### Record excerpts
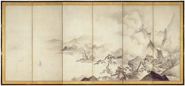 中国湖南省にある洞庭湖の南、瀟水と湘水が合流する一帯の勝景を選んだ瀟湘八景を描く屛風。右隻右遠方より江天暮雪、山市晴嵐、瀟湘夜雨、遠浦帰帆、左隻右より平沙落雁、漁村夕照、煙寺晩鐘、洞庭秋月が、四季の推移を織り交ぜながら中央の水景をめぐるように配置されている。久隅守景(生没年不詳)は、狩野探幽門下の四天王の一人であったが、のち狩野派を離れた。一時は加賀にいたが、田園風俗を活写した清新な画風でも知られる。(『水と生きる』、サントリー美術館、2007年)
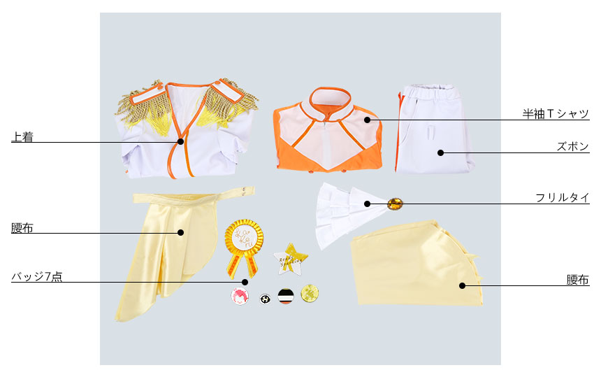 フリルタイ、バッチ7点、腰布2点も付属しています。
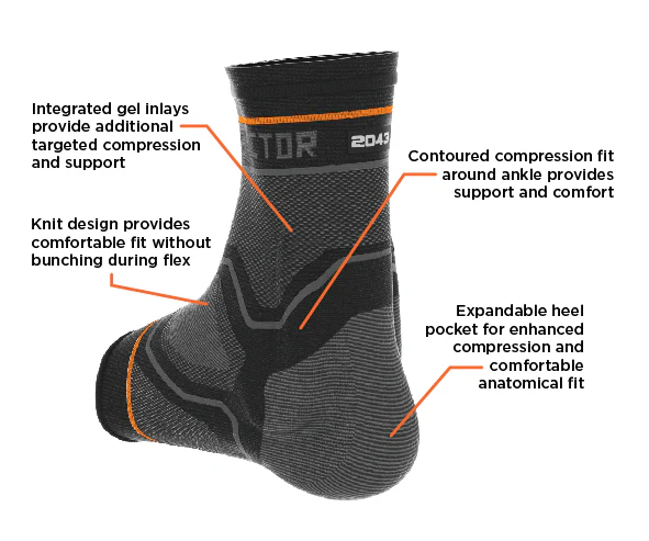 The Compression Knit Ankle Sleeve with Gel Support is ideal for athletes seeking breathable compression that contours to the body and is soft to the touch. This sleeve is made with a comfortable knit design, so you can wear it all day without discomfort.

---

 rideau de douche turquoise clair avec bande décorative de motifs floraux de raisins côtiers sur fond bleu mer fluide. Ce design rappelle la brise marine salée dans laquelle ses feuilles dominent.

==

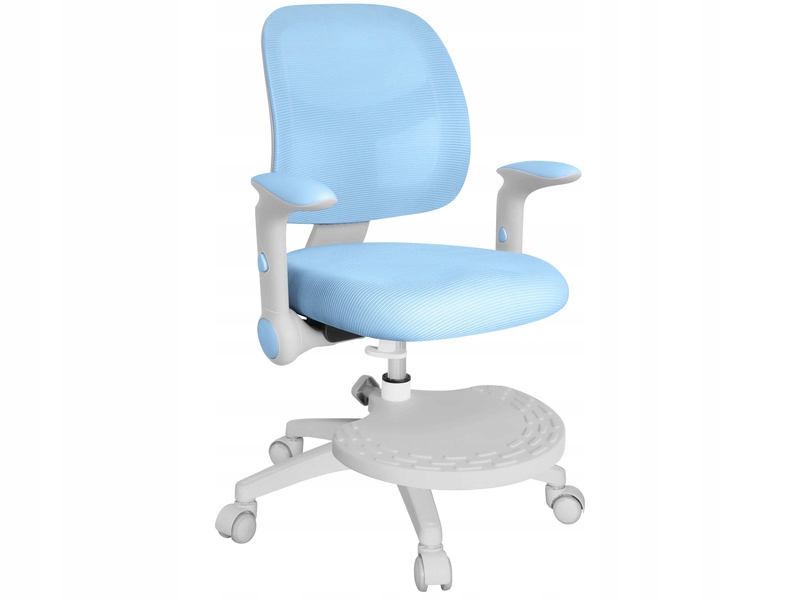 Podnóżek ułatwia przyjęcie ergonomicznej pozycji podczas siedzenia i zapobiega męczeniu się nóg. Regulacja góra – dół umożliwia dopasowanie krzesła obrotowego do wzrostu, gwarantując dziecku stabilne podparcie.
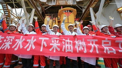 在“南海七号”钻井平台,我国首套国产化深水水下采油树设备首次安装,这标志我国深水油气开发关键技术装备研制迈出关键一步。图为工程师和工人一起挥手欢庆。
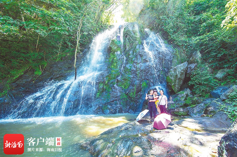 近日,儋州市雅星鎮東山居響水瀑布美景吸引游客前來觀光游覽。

### Your objective
Return the stretch of data that begins with the line showing "Podnóżek ułatwia przyjęcie" and goes on through the line showing "近日,儋州市雅星鎮東山居響水瀑布美景吸引游客前來觀光游覽。", exactly, with pictures removed.

### Answer box
 Podnóżek ułatwia przyjęcie ergonomicznej pozycji podczas siedzenia i zapobiega męczeniu się nóg. Regulacja góra – dół umożliwia dopasowanie krzesła obrotowego do wzrostu, gwarantując dziecku stabilne podparcie.
 在“南海七号”钻井平台,我国首套国产化深水水下采油树设备首次安装,这标志我国深水油气开发关键技术装备研制迈出关键一步。图为工程师和工人一起挥手欢庆。
 近日,儋州市雅星鎮東山居響水瀑布美景吸引游客前來觀光游覽。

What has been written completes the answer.